Dennis initially signed up for a free account at classmates.com around 10 years ago, but has asked to be unsubscribed multiple times. Recently classmates reactivated his subscription again, sending him marketing mail he did not want. Reactivating subscriptions is an extremely bad idea. Not only is it a CAN-SPAM violation to send mail after an unsubscribe has been received, but senders really end up annoying recipients by doing this. Think about it, these are people who have actively told the sender that they do not want mail, and the sender goes out and decides to override the recipients wishes.
I can only imagine how horrible the delivery for this mailing was. ISPs measure how many non-existent addresses senders attempt and mailing a list that has addresses accreted over 10 years is going to have a massive number of dead addresses. Not that many people have the same address now that they did 10 years ago. Some of those dead addresses are probably now being used as spamtraps by the ISPs, another hit to delivery rates. Finally, there are the complaint rates to consider.
For those people who received the mail and want to unsubscribe, Classmates.com does everything possible to discourage that. Dennis describes the process he went through.
- I had to login to remove myself (not an email addy or usename, but some 9 digit number I didn’t recall)
- Got the “Verify the email on the website was right” page, click remove
- Got another page that said PLEASE DON’T leave us page with offers, click remove again
- finally presented with a you have been unsubscribed (again) and will take effect in ten (10) days.

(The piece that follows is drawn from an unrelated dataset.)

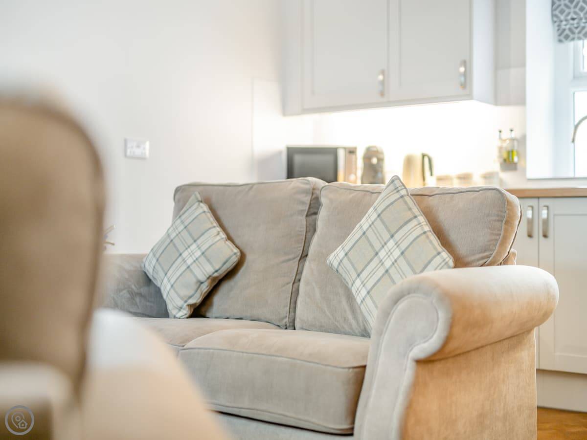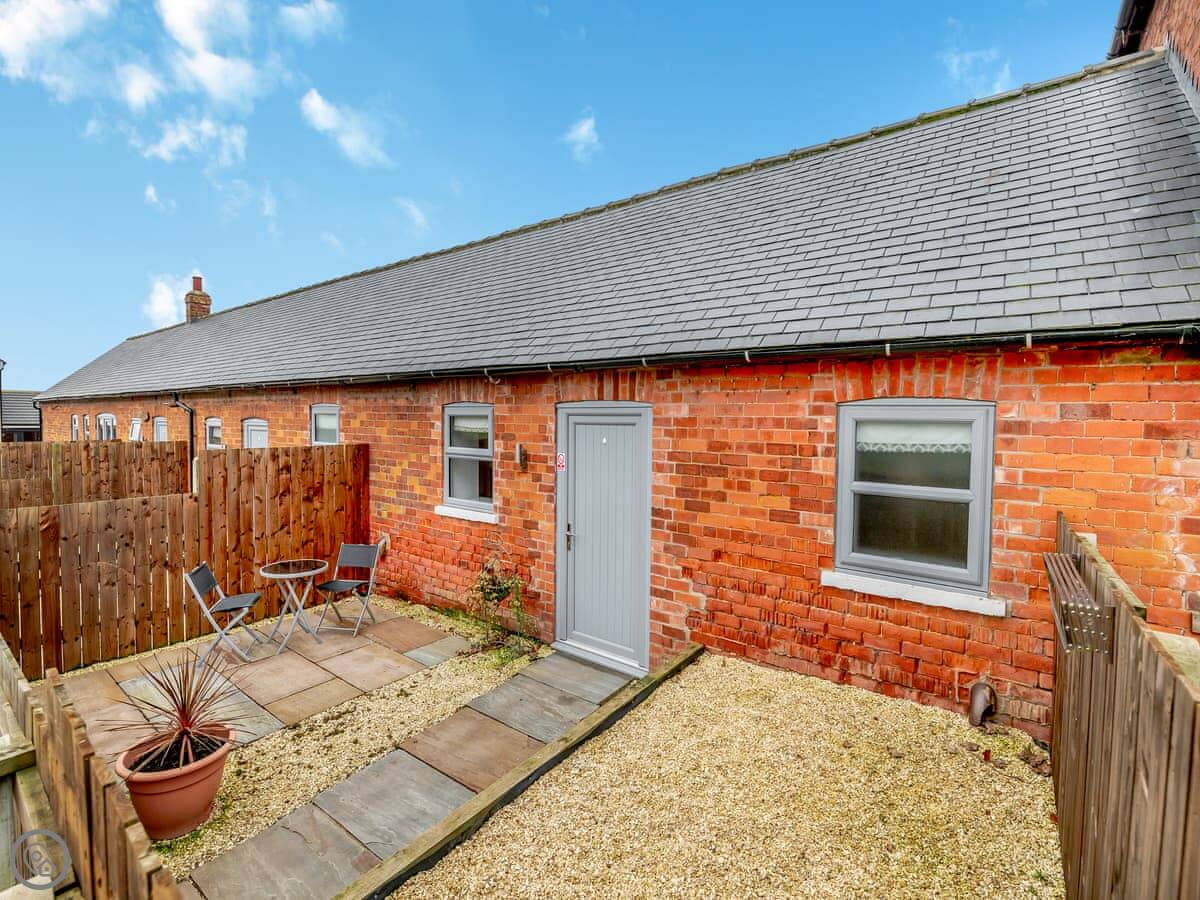 You’ve got your own enclosed patio garden with furniture. It looks out over the fields. It’s quiet.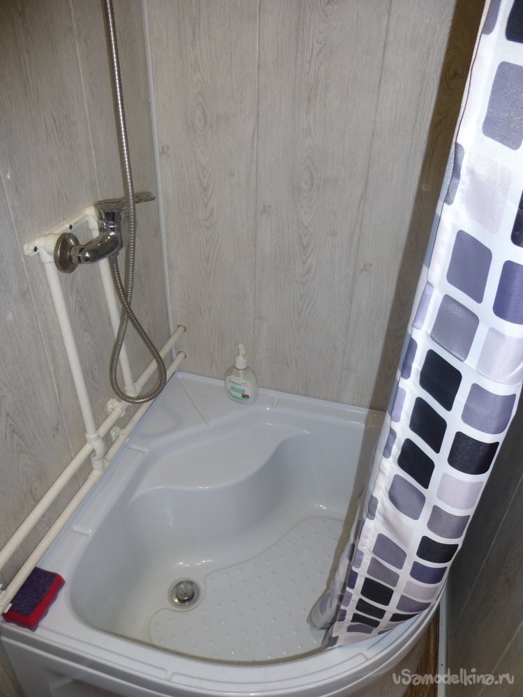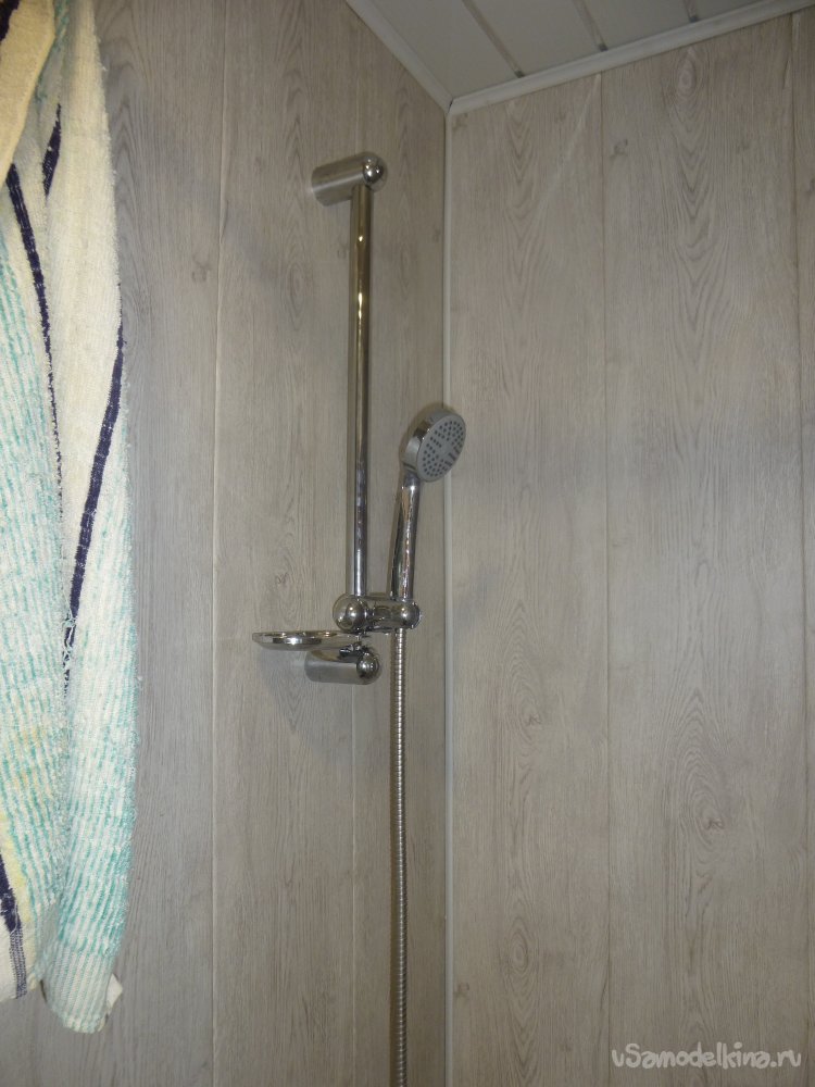 С правой стороны от дверного проёма установлен душевой поддон и смеситель для душа, который висит на штанге.

Here again, we see Classmates.com with a CAN-SPAM violation. Granted, these are rules from the recent rulemaking, which has yet to take effect but this type of unsubscribe is prohibited in the future. Moving past that, it is clear the the intent of Classmates.com is to heavily discourage people from opting-out. This seems a common theme among marketers, keeping as many people on a list as possible. Given the current ways ISPs make blocking and filtering decisions, focusing on list size is not a good idea. Focus on the relationship, the engagement and creating value for recipients, let folks like classmates.com have the biggest list and the lowest delivery rates.